However, we make an assumption that helps us perhaps approximate it. If we had 1,000,000 values, measured very precisely, we could make a histogram with very, very small bins. The assumption is that if we show this, the height of consecutive bins will be similar. This is what we mean by smooth: we don’t have big jumps in the heights of consecutive bins. Below we have a hypothetical histogram with bins of size 1:

The smaller we make the bins, the smoother the histogram gets. Here are the histograms with bin width of 1, 0.5, and 0.1:

The smooth density is basically the curve that goes through the top of the histogram bars when the bins are very, very small.
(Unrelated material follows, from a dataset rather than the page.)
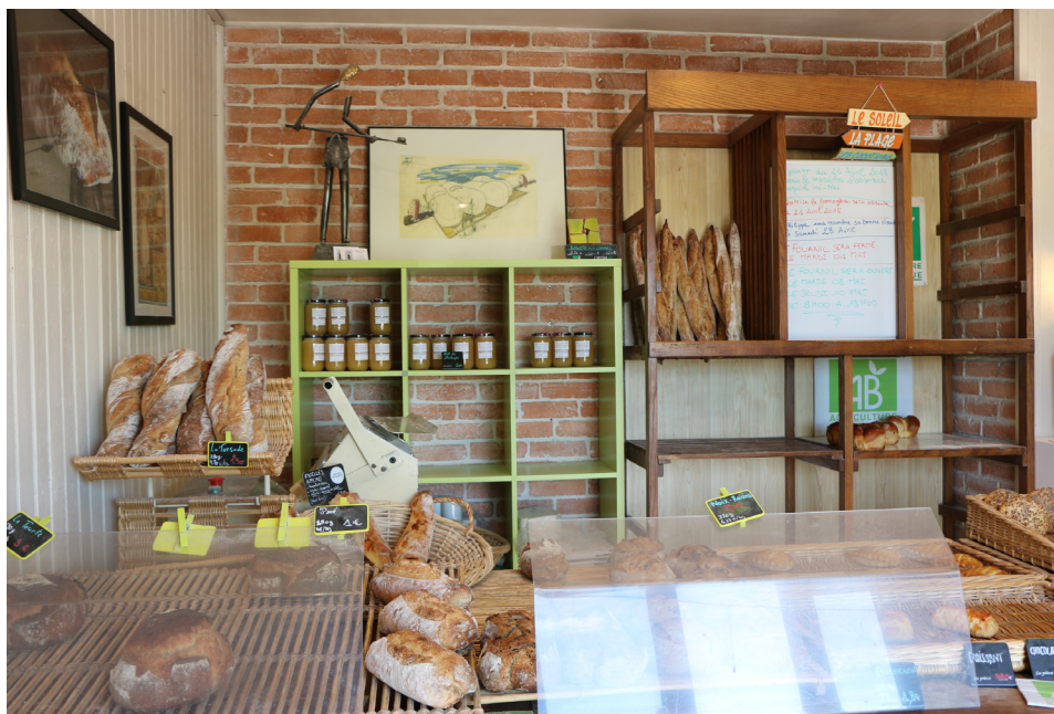
Frac Centre-Val de Loire, dispositif « Les Nouveaux Commanditaires »

Chacun (public, privé) peut désormais emprunter un des cent fac-similés d'œuvre de la collection du Frac et l'installer chez lui pour une durée de deux mois. « Le Bureau des Cadres » est un dispositif fondé sur l'échange et le prêt d'œuvres à destination des particuliers. L'expérience peut se poursuivre avec le dispositif « Intérieurs » : le Frac propose à chacun de s'appropriier la collection en transformant son espace de vie ou de travail en lieu d'exposition accessible au public. Des habitants, commerçants, entreprises... vous invitent chez eux pour découvrir une œuvre de la collection.

To make the curve not depend on the hypothetical size of the hypothetical list, we compute the curve on frequencies rather than counts. We do this by using the double-dot object ..density... Objects surrounded by .. are objects that are calculated by ggplot. If we look at ?geom_histogram, and go down to “Computed variables”, we see that we could use ..count.. to get “number of points in a bin”; ..ncount.. for the count scaled to a max of 1; or ..ndensity.. which scales the density to a max of 1 (which is a strange one). We can manually set the y aesthetic mapping, which defaults to ..count.., to ..density..:

x %>% ggplot(aes(x = height)) +
  geom_histogram(aes(y=..density..), binwidth = 0.1, color = "black") 
## Warning: The dot-dot notation (`..density..`) was deprecated in ggplot2 3.4.0.
## ℹ Please use `after_stat(density)` instead.
## This warning is displayed once every 8 hours.
## Call `lifecycle::last_lifecycle_warnings()` to see where this warning was
## generated.

Now, back to reality. We don’t have millions of measurements. In this concrete example, we have 812 and we can’t make a histogram with very small bins.
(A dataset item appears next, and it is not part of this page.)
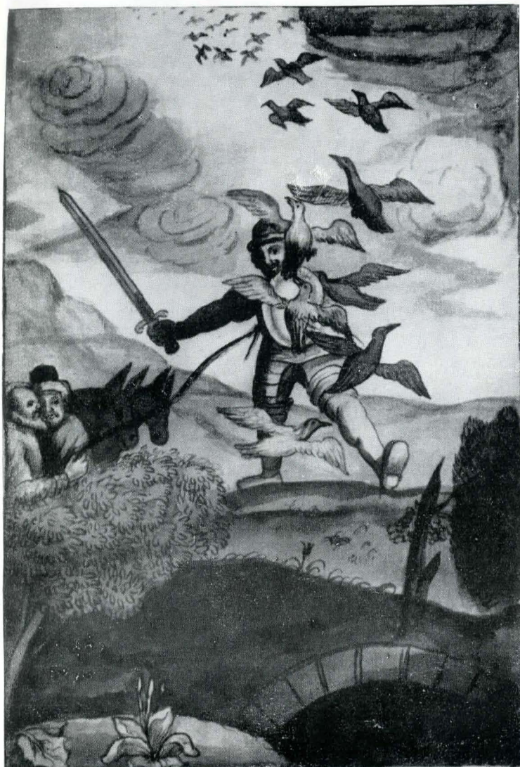
Fig. 17. Ms. grec 1471, f. 167; Don Quijote coboară în grotă de la Montesinos.

A doua miniatură, redată la f.167, îl înfățișează pe Don Quijote pe punctul de a cobori în grotă de la Montesinos. Legat de mijloc cu o coardă, pe care o ține Sancho Panza și însoțitorul lor, un amator de cărți cavaleriești, Don Quijote își face loc cu sabia printre mărăcini, în timp ce un stol de ciori și de coțofene, speriate de zgomot, se ridică în văzduh 35 .

We therefore make a histogram, using bin sizes appropriate for our data and computing frequencies rather than counts, and we draw a smooth curve that goes through the tops of the histogram bars. The following plots (loosely) demonstrate the steps that the computer goes through to ultimately create a smooth density:

Interpreting the y-axis

Note that interpreting the y-axis of a smooth density plot is not straightforward. It is scaled so that the area under the density curve adds up to 1. If you imagine we form a bin with a base 1 unit in length, the y-axis value tells us the proportion of values in that bin. However, this is only true for bins of size 1. For other size intervals, the best way to determine the proportion of data in that interval is by computing the proportion of the total area contained in that interval. For example, here are the proportion of values between 65 and 68:

The proportion of this area is about 0.3, meaning that about 30% of male heights are between 65 and 68 inches.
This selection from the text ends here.